Brinded, 50, has been a managing director since July 2002 after first joining the company in 1974. Brinded held various positions in the Netherlands, Brunei, Oman and the United Kingdom, and was general manager of Shell UK Exploration and Production in Aberdeen, Scotland between 1998-2001. He was Shell’s Country Chairman in the United Kingdom 1999-2002, and served as director of Planning, Environment and External Affairs at Shell International Ltd. 2001-02.

Shell also announced that Lord Oxburgh has been appointed interim non-executive chairman of the Shell Transport and Trading Co. van de Vijver’s duties as CEO will be assumed by Brinded, in addition to Brinded’s current responsibilities for the Gas and Power business. Rob Routs, currently a member of the board of management of Royal Dutch Petroleum, will assume Van der Veer’s responsibility for the Chemicals business in addition to his current responsibilities for the Oil Products business.
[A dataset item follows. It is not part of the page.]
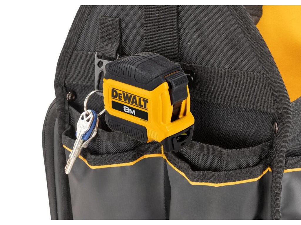 - Elektrikárska taška cez rameno DEWALT® PRO 11” má odolnú konštrukciu navrhnutú tak, aby odolala drsným podmienkam.

Judith Boynton will continue as a managing director and as CFO.

Peter Nicol, an ABN Amro analyst based in London, said Shell’s upstream team had been made a “scapegoat” for the reserves reclassification. He added that “van der Veer faces a lot of competing agendas.” He said Shell had “been in decline for 10 or 15 years,” and van der Veer is a “safe pair of hands” who could “heal the company and move it forward.”

Also in a research note, Merrill Lynch analyst Mark Ionnati said, “Senior management appears to have succumbed to significant pressure from shareholders.” The news is a “positive for the shares on a near-term trading basis, in our view. However, the merits of a more fundamentally based rally on an improving performance outlook versus industry peers remains to be seen.”

Ionnati added, “Importantly, we understand that today’s events were not inspired by any new news on the official investigation by the SEC on Shell’s overbooking of reserves.” Shell is conducting an audit of its reserves reclassification and is expected to give the SEC the information once the audit is completed.